D0138 Calliphora vicina (Diptera: Calliphoridae) and their ability to alter the morphology of bloodstain patterns

Monday, November 17, 2008
Exhibit Hall 3, First Floor (Reno-Sparks Convention Center)
Amanda Fujikawa , Department of Entomology, University of Nebraska, Lincoln, NE
Larry Barksdale , Lincoln Police Department, Lincoln, NE
David O Carter , Department of Entomology, University of Nebraska, Lincoln, NE
The behavior of blow flies (Diptera: Calliphoridae) is known to alter bloodstain patterns found at scenes of violent crime and death. However, the fundamental processes of these alterations are poorly understood. We conducted a series of experiments to investigate the feeding behavior of Calliphora vicina (Robineau-Desvoidy) and its effect on the morphology of high impact bloodstains and pools.

The experiments were conducted in microscenes (.46 m3 wooden boxes) that had two glass walls and a plexiglass ceiling made of glass to facilitate observation and photography. Multiple wall inserts were used to allow for scene changes, and the floor and wall combinations were based on materials commonly found at crime scenes. The combinations used in this study were: white linoleum floor/white painted walls, wood floor/wallpapered wall/white painted wall, and carpet/light hued paneling/white painted wall.

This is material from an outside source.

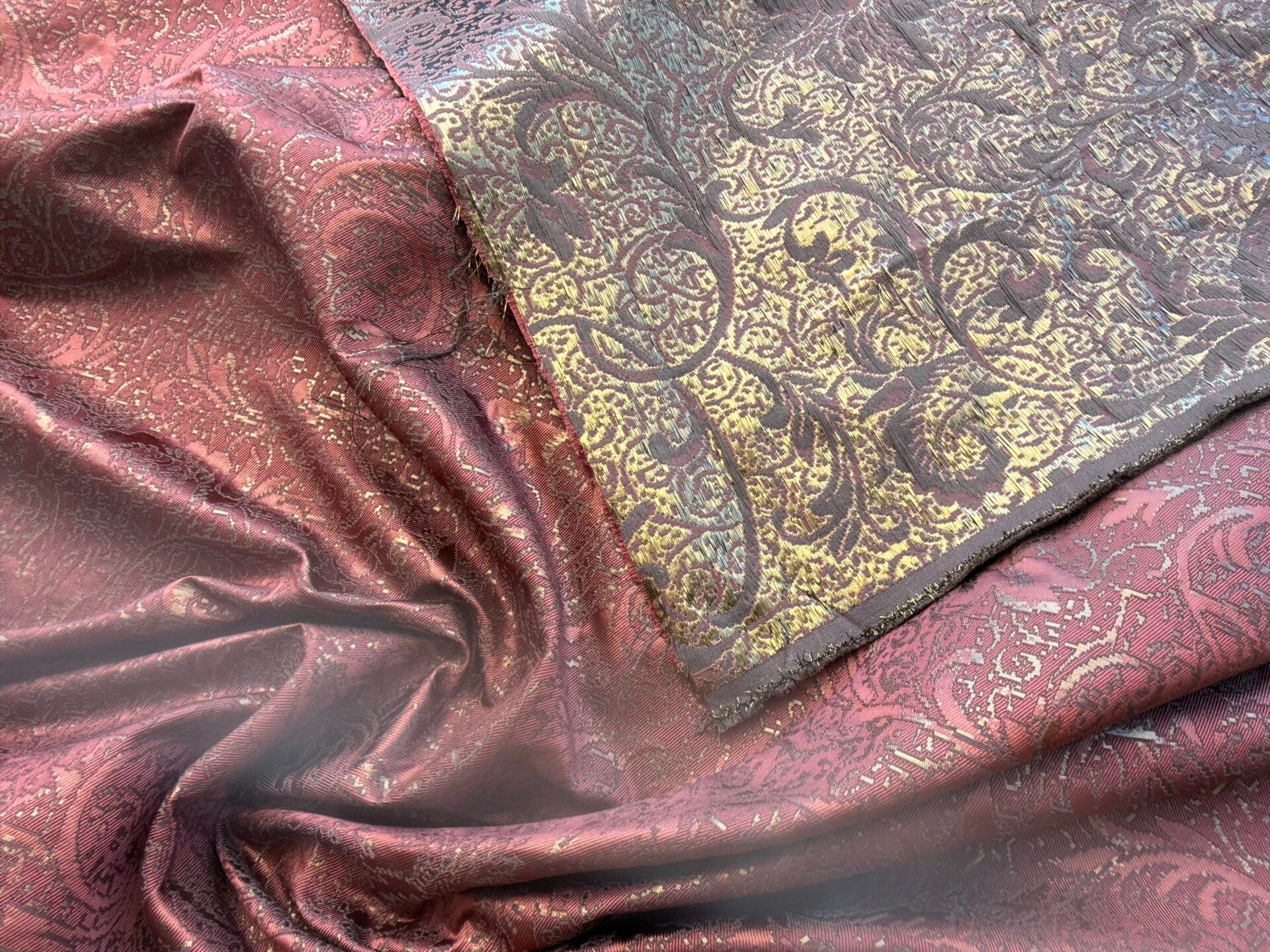 by yard Boboli Garden Silk Damask Italian Metallic Red Spice Rose MSRP USD 568/yard

High impact bloodstains (stains that result from high force being applied to a blood source) were made on the walls and a blood pool was formed on the floor. The flies fed from the pool within 30 minutes of being introduced to the blood and high impact stains on the floor, walls, and ceiling. Feeding activity altered the shape of many stains while others were eliminated completely. Regurgitation and defecation resulted in the deposition of multiple new artifacts on all surfaces. Artifacts resulting from defecation were generally shaped like a tear-drop with a long tail. Regurgitated stains were generally round with little or no tail.